MPs challenge minister over taxpayer-funded university courses for £100,000-a-year executives

MPs tackled education minister over scandal involving taxpayer-funded university courses for high-income people following an investigation by the Independent.

The government has agreed to take action to end the misuse of the apprenticeship fee to subsidize ‘ineligible MBA courses’ for top executives.

Appearing before the education committee, Skills and Practices Minister Robert Halfon questioned whether the funds had been “properly used”.
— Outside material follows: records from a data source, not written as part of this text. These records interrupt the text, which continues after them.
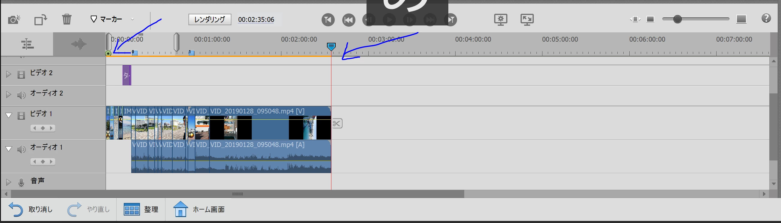 Premiere Elements2019でタイムライン上で最初と最後に一気に移動できるショートカットありませんか?(下記矢印のところ)
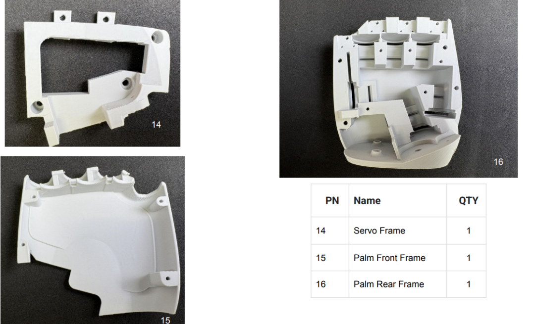 根据GitHub上的开源文件,整个机械手需要打印约50个零件。
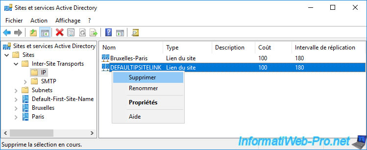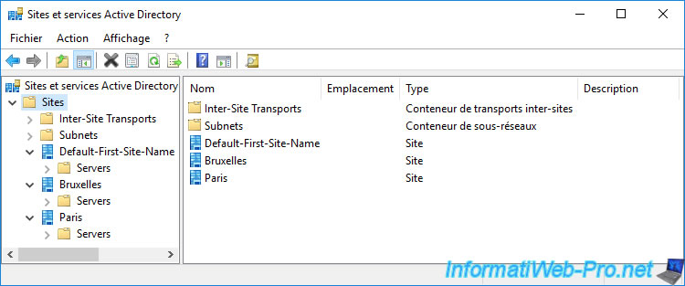 So that Active Directory can automatically adapt its replication topology and so that client PCs can connect to the domain controller closest to them (to speed up session openings, ...), you must configure the Active sites Directory and associate the different subnets used on each site.

The chairman of the committee, Tory MP Robin Walker, pointed this out Independents of the inquiry and asked Mr Halfon: “Given the need for young people to find work and build a ladder of opportunities, do you think this was an appropriate use of the apprenticeship fee?”

Halfon told the committee that ministers would “get rid of the MBA element” in 2021.

But Independent revealed earlier this month that courses are still subsidized despite government crackdowns two years ago.

Over the past five years, up to £100m has been spent partially funding them.

On Monday, the minister said: “If there is evidence that the fee is being spent on ineligible courses, such as MBA funding, we will take appropriate action.”

Examples submitted to the Department of Education include Loughborough University, which prides itself on its website: “The three-year Loughborough Executive MBA program is designed to also meet the Level 7 Senior Leadership Apprenticeship requirements.” Adding that “this enables applicants and their employers to use the tuition fee to partially fund the MBA program.”

Also included is Cranfield University, which says: “This [web] the site is for students looking for a Senior Leadership + Executive MBA Internship through the Internship Fee. Eligible organizations may use their Apprenticeship Fee to cover part 1 of the program tuition.”

Former Tory Education Secretary Gavin Williamson has previously said the courses are “not in the spirit of what the Apprenticeship Fee was set up for”.

Former Labor Party Education Secretary Alan Johnson also hit it off, saying the funding “is nonsense in terms of the purpose of the fee. It was supposed to help young people get into work, not help management get into the sauce.”